RECORDS FOR THE EXERCISE:

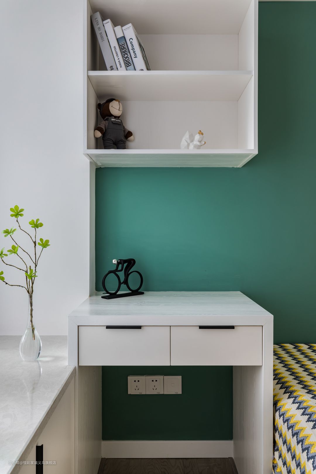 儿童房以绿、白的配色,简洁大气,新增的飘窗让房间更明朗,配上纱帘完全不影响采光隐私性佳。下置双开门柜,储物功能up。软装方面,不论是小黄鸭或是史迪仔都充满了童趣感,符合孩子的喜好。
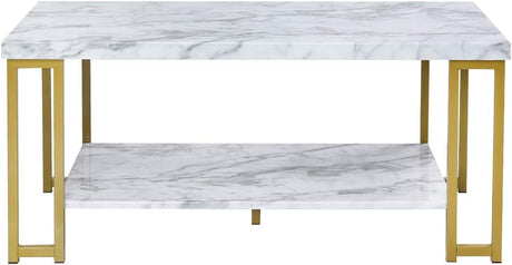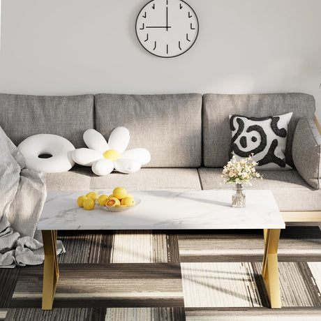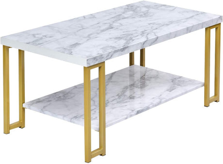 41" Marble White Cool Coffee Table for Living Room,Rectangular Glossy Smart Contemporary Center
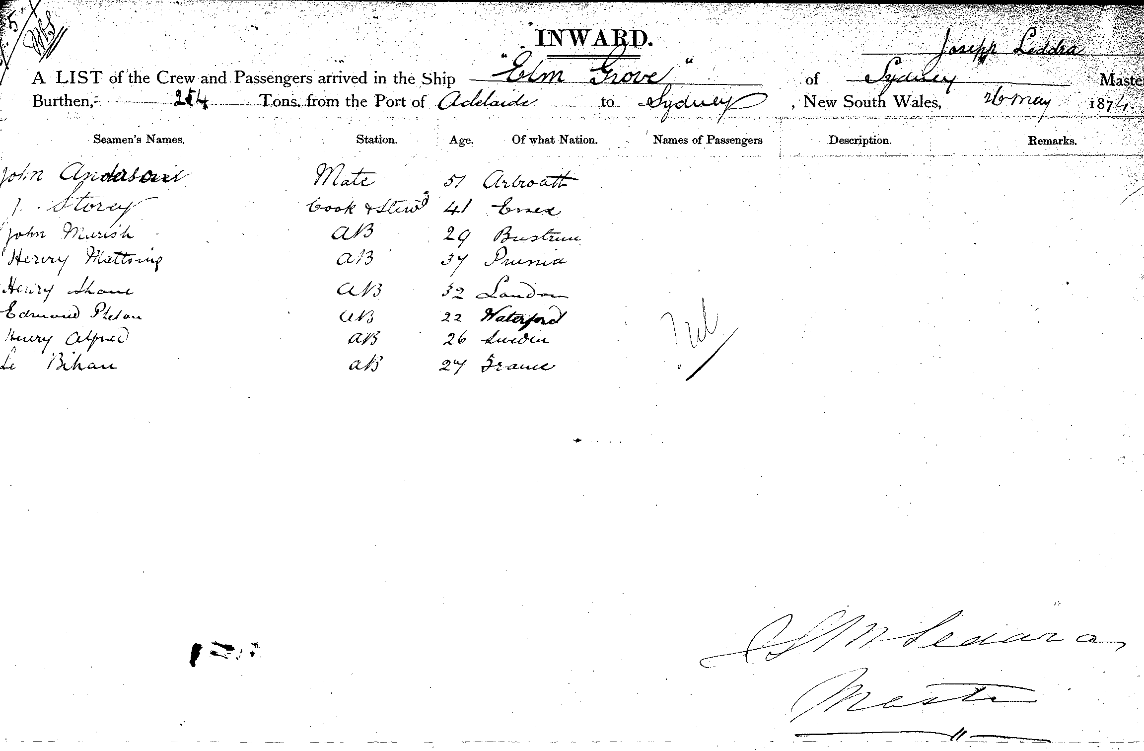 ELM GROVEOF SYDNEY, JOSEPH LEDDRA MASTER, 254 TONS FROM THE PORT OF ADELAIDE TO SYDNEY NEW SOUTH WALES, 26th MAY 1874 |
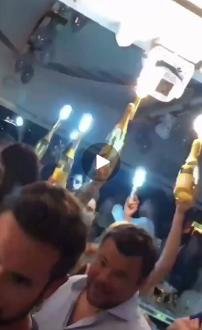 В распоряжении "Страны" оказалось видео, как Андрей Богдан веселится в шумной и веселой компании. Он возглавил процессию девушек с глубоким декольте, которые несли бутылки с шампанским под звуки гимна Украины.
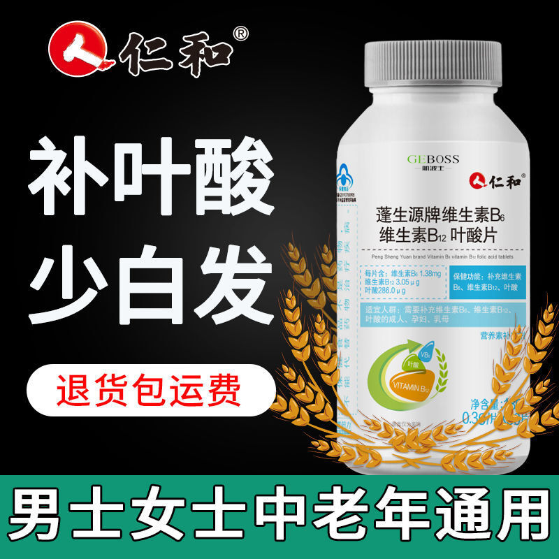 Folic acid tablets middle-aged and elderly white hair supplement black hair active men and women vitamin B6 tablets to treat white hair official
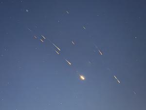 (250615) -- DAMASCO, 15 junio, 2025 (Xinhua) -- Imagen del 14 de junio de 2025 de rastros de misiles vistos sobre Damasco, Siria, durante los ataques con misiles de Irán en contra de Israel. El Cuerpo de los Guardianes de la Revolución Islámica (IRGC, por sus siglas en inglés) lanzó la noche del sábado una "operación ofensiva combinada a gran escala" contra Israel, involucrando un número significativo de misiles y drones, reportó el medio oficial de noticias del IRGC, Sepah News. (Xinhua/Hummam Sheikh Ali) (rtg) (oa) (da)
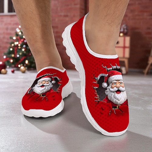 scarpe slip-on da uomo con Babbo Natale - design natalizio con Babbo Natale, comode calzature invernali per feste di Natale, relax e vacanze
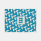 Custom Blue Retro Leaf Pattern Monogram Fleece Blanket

EXERCISE DESCRIPTION:
Beginning with the line containing "Smart Contemporary Center" and ending with the last line of the data above, repeat each line exactly. Include no pictures and no other lines.

RESPONSE AREA:
 41" Marble White Cool Coffee Table for Living Room,Rectangular Glossy Smart Contemporary Center
 ELM GROVEOF SYDNEY, JOSEPH LEDDRA MASTER, 254 TONS FROM THE PORT OF ADELAIDE TO SYDNEY NEW SOUTH WALES, 26th MAY 1874 |
 В распоряжении "Страны" оказалось видео, как Андрей Богдан веселится в шумной и веселой компании. Он возглавил процессию девушек с глубоким декольте, которые несли бутылки с шампанским под звуки гимна Украины.
 Folic acid tablets middle-aged and elderly white hair supplement black hair active men and women vitamin B6 tablets to treat white hair official
 (250615) -- DAMASCO, 15 junio, 2025 (Xinhua) -- Imagen del 14 de junio de 2025 de rastros de misiles vistos sobre Damasco, Siria, durante los ataques con misiles de Irán en contra de Israel. El Cuerpo de los Guardianes de la Revolución Islámica (IRGC, por sus siglas en inglés) lanzó la noche del sábado una "operación ofensiva combinada a gran escala" contra Israel, involucrando un número significativo de misiles y drones, reportó el medio oficial de noticias del IRGC, Sepah News. (Xinhua/Hummam Sheikh Ali) (rtg) (oa) (da)
 scarpe slip-on da uomo con Babbo Natale - design natalizio con Babbo Natale, comode calzature invernali per feste di Natale, relax e vacanze
 Custom Blue Retro Leaf Pattern Monogram Fleece Blanket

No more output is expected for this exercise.